ーーーーズドドドドドーーーーン!!ーーーー
爆風を水の中に潜る事によって回避した。
「げほっ!げほっ!凄いひどい目に遭ったな…ん?」
全身ずぶ濡れになりながら水路に這い上がると、水路の先に空気の流れを感じた。
「……どうやら大きな空間があるようだな」
相変わらずの暗闇だが、目が暗がりに対し大分慣れてきたのか、薄っすらと視界に入る輪郭がある。
P99を両手で保持しながら、ゆっくりと先を進んだ。
「……これは」
暗がりの先がどんどん明るくなり、次第に大きな空間が目に入ってくる。どうやら目的地である『風の塔』の内部に到達したようだった。
塔の中は単純な四角形の縦長の空間で、十字の仕切り板で風を導く仕組みとなっているらしい。そんな塔の空間は上部から外の光が差し込み、それが鏡で反射されて最下層を照らしていた。
何でわざわざ、そんな面倒臭い上に意味の無さそうな設計をしているのか。そんな疑問を感じる前に、目の前に佇む『彼女』を見て俺は銃を降ろした。
「……誰子ちゃん?」
まず目に飛び込んできたのは、風で舞う流れるような長い金髪だ。

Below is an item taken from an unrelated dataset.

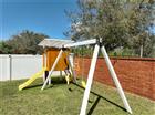 Lake Nona POOL Home with 3-Car Garage in the desirable East Park community! Beautifully maintained 4-bedroom, 3-bath PLUS office/den home featuring a sought-after 3-way split floor plan, spacious layout, and abundant natural light, located just minutes from Medical City, Lake Nona Town Center, and the new Orlando Health facility at Randal Park. Residents enjoy access to East Lake Park, which features a community dock and fishing pier, sand volleyball courts, walking paths, playgrounds, pickleball and tennis courts, and shaded gazebos throughout the community. Inside, this light and bright home offers a flexible floor plan designed for both everyday living and entertaining. Tile flooring runs throughout the main walkway areas, and the layout includes a dedicated office, formal dining room, and additional flex space in the living area. The tandem 3-car garage provides plenty of space for vehicles, storage, or hobbies. The main living area flows seamlessly into the kitchen and dinette and overlooks the inviting backyard pool area. The well-appointed kitchen features granite countertops and a convection oven with built-in air fryer, providing both style and functionality while remaining open to the living and dining spaces. Step outside through oversized sliding glass doors to your 14' x 30' brick-paver patio and private backyard retreat. Enjoy endless hours of Florida living in the saltwater pool featuring a sunshelf for lounge chairs, automatic pool cleaner, outdoor shower, and a playground area. The yard also includes vinyl fencing and French drains to help keep maintenance low. The spacious primary suite features tile flooring, tray ceiling, and sliding doors leading directly to the pool area. Double doors open to the private en-suite bathroom offering dual vanity sinks, separate garden tub and shower, private water closet, and a beautifully organized walk-in closet with custom built-ins. Additional highlights include exterior Govee Lighting, a large laundry room with pocket door, generous closet space throughout, and an auto thermostat system. Roof 2024, HVAC 2022, Saltwater pool built 2022, exterior paint 2026. This home is currently located in the Sun Blaze Elementary, Innovation Middle, and Innovation High School zones. Enjoy the Lake Nona lifestyle with nearby Medical City, Lake Nona Town Center dining, Boxi Park, walking and biking trails, UCF, and Orlando International Airport just minutes away, with easy access to SR 417, SR 528 and the beaches. Schedule your private showing today - this Lake Nona pool home will not last long!

額の真ん中で分けたストレートな髪が美しい。
青いツナギのような服を着ている。飛行服のようで、襟元はムートンの毛皮で覆われている。両手は分厚い革手袋、足元も茶色い革のブーツを履いている。
身長は160cmくらいはあるだろうか。年齢はまだ十代半ばから後半ではないか。美しい顔立ちだが、若干の幼さを頬から顎にかけてのラインに感じた。
切れ長で長い睫毛と水のように澄んだ青い瞳が、俺を見た。
「わたし…わたしは?」
「名前は?」
透き通るような白い肌を僅かに震わせ、その少女は少し考えこむように視線を逸らした。
「……わからない。わたしは…わたしの名前は何?」
「なぬ?まさか、記憶が無いのか?」
「記憶……わからない。何も、覚えてないの」
そこまで聞いて、ようやく違和感の正体を俺は自覚した。なるべく考えようとしなかった事実。
ーーーーー耳が、横に長く伸びているのだ。
それは、欧州の民間伝承に伝わる『妖精(エルフ)』によく似ていた。